Although the data below holds other lines too, output only those from the line with "广西南宁海蓝建筑设计咨询有限公司总经理 韦泽湖 做《从工业化装饰装修到装配式迈步——成品隔断》演讲" up to and including the line with "有测试模式中的文本, 即断言成功. 这个模式下可以写正则表达式. - 字符串 : 响应中", exactly as they appear.

#### DATA EXCERPTS

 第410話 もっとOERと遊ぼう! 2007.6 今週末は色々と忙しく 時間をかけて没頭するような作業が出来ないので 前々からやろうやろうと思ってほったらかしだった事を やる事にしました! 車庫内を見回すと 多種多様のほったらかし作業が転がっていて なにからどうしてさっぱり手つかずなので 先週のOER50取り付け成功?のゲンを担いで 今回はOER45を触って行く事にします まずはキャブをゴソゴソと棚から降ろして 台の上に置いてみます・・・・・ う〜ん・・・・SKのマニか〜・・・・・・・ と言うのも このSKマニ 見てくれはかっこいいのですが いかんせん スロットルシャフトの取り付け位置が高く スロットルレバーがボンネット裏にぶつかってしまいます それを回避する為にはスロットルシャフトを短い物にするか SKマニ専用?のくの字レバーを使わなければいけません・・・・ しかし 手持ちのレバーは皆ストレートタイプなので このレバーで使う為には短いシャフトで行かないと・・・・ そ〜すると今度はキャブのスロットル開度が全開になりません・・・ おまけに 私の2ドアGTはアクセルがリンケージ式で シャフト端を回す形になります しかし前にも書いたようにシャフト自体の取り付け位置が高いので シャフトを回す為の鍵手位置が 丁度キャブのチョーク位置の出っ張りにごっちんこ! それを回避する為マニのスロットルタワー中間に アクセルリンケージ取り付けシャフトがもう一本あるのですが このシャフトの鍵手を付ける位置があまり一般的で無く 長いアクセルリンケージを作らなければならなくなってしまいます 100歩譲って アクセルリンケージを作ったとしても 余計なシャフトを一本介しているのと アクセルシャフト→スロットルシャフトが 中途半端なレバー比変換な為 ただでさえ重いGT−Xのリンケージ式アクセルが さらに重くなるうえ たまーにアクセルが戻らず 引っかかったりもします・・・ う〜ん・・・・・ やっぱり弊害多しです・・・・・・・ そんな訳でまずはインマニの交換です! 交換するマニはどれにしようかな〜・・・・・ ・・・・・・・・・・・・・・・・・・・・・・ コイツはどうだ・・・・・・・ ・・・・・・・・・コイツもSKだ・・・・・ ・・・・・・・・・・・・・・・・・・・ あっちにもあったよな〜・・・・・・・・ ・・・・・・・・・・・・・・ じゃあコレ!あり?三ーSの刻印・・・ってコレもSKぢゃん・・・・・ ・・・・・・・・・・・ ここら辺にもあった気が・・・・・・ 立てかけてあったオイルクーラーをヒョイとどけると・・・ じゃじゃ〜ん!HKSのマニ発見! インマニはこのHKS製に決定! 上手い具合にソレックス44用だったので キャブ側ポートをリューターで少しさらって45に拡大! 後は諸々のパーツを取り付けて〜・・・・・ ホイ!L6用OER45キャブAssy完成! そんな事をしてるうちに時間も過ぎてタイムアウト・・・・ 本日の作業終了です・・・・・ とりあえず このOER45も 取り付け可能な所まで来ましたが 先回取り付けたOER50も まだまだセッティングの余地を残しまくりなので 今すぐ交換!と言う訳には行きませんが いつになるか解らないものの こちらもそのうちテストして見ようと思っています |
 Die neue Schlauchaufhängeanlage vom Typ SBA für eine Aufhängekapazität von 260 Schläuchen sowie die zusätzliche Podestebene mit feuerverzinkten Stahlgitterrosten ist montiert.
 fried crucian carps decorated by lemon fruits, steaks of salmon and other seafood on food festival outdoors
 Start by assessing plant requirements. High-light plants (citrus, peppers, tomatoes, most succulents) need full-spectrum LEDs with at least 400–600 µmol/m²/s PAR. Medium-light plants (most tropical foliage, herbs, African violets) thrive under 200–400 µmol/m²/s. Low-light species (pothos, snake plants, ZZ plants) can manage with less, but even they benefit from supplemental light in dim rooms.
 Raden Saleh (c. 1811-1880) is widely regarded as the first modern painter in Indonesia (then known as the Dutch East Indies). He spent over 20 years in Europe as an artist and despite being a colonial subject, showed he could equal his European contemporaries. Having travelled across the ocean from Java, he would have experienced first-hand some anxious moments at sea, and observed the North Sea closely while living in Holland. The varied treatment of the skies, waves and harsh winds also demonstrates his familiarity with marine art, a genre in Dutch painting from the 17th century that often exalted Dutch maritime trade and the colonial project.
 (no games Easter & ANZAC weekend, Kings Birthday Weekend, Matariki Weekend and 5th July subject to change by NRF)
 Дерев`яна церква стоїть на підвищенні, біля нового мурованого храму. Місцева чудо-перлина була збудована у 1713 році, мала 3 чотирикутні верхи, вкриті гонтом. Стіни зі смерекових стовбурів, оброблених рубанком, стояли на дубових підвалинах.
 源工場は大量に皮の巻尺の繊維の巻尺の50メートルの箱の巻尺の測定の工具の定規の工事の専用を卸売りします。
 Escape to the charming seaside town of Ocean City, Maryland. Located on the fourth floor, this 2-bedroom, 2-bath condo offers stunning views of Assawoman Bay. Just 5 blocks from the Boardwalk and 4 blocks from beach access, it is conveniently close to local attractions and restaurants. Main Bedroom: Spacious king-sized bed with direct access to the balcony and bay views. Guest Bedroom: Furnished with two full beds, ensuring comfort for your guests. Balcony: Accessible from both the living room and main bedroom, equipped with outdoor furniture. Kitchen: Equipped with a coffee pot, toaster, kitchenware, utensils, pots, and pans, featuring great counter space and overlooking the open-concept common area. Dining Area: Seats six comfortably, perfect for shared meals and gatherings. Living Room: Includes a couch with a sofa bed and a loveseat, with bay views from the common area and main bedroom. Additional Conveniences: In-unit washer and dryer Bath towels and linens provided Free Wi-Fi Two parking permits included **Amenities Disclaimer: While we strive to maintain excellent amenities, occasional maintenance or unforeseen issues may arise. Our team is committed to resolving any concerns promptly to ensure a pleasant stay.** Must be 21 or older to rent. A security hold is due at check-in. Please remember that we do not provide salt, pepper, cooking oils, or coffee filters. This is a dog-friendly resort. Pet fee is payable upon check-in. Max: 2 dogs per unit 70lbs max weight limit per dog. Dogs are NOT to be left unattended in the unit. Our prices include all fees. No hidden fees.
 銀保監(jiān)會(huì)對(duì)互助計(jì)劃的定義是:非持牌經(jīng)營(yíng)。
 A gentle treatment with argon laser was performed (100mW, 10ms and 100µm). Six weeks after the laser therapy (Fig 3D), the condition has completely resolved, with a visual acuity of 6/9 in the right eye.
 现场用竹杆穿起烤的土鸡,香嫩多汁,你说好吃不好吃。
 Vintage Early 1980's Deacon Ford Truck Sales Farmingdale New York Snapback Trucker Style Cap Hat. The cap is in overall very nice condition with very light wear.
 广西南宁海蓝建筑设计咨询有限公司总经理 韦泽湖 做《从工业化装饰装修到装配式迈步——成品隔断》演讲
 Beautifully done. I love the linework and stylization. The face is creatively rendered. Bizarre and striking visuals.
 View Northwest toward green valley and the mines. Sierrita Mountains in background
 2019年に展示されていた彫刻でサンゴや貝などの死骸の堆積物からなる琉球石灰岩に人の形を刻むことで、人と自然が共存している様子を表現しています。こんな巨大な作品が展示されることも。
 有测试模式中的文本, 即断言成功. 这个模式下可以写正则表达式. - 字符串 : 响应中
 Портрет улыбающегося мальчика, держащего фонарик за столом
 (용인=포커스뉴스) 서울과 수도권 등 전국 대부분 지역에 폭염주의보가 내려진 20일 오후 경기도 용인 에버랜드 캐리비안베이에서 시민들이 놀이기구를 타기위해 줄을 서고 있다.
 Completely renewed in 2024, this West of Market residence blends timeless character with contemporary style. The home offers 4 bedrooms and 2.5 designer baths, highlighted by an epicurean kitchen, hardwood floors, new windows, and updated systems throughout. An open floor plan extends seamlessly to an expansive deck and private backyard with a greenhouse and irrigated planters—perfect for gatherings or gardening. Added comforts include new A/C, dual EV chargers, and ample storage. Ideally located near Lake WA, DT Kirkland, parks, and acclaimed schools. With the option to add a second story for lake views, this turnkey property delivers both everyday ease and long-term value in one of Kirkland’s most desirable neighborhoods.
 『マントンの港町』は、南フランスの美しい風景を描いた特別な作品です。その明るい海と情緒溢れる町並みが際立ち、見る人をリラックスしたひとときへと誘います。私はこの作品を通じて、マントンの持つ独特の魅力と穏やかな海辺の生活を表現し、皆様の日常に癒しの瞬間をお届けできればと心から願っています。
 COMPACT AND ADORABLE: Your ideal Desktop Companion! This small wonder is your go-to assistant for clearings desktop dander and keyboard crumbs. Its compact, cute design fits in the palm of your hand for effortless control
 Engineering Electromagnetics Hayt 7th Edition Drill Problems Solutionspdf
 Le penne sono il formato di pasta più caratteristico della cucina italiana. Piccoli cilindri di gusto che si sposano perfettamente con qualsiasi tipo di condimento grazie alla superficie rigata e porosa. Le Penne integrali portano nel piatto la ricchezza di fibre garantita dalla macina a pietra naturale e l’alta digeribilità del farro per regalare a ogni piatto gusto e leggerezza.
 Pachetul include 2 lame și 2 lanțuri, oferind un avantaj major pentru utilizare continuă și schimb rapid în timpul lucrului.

########

> ANSWER FOR THE TASK:
 广西南宁海蓝建筑设计咨询有限公司总经理 韦泽湖 做《从工业化装饰装修到装配式迈步——成品隔断》演讲
 Beautifully done. I love the linework and stylization. The face is creatively rendered. Bizarre and striking visuals.
 View Northwest toward green valley and the mines. Sierrita Mountains in background
 2019年に展示されていた彫刻でサンゴや貝などの死骸の堆積物からなる琉球石灰岩に人の形を刻むことで、人と自然が共存している様子を表現しています。こんな巨大な作品が展示されることも。
 有测试模式中的文本, 即断言成功. 这个模式下可以写正则表达式. - 字符串 : 响应中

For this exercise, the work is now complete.